RECORDS TO USE:
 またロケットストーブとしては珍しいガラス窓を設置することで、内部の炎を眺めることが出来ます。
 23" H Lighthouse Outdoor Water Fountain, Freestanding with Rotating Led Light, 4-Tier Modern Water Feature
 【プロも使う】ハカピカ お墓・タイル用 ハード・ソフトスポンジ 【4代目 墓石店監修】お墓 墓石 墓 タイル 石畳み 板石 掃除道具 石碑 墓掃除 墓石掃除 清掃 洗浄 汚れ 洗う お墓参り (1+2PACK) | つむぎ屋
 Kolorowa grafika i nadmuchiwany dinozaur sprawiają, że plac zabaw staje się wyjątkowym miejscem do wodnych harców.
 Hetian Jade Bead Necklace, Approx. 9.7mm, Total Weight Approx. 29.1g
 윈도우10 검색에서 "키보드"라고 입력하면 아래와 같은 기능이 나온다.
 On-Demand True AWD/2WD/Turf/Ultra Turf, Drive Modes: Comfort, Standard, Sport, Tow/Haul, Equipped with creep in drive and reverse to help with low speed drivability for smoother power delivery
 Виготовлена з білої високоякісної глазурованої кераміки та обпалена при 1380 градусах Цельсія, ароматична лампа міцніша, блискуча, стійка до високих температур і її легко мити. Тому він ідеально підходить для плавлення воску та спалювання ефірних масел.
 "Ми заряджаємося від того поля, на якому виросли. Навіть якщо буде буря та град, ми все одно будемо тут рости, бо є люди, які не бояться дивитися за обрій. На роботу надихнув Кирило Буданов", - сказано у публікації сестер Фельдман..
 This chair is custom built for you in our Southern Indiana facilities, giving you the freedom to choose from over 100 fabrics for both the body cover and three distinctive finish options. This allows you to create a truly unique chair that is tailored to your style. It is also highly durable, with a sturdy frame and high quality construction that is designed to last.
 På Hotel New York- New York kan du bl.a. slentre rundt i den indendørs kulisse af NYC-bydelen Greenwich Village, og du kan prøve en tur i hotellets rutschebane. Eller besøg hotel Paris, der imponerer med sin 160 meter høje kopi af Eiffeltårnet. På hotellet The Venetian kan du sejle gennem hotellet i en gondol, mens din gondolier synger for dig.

INSTRUCTIONS TO FOLLOW: Please output only the lines from the first line of the entries through the line with "(1+2PACK) | つむぎ屋", both included, exactly as written.

RESULT:
 またロケットストーブとしては珍しいガラス窓を設置することで、内部の炎を眺めることが出来ます。
 23" H Lighthouse Outdoor Water Fountain, Freestanding with Rotating Led Light, 4-Tier Modern Water Feature
 【プロも使う】ハカピカ お墓・タイル用 ハード・ソフトスポンジ 【4代目 墓石店監修】お墓 墓石 墓 タイル 石畳み 板石 掃除道具 石碑 墓掃除 墓石掃除 清掃 洗浄 汚れ 洗う お墓参り (1+2PACK) | つむぎ屋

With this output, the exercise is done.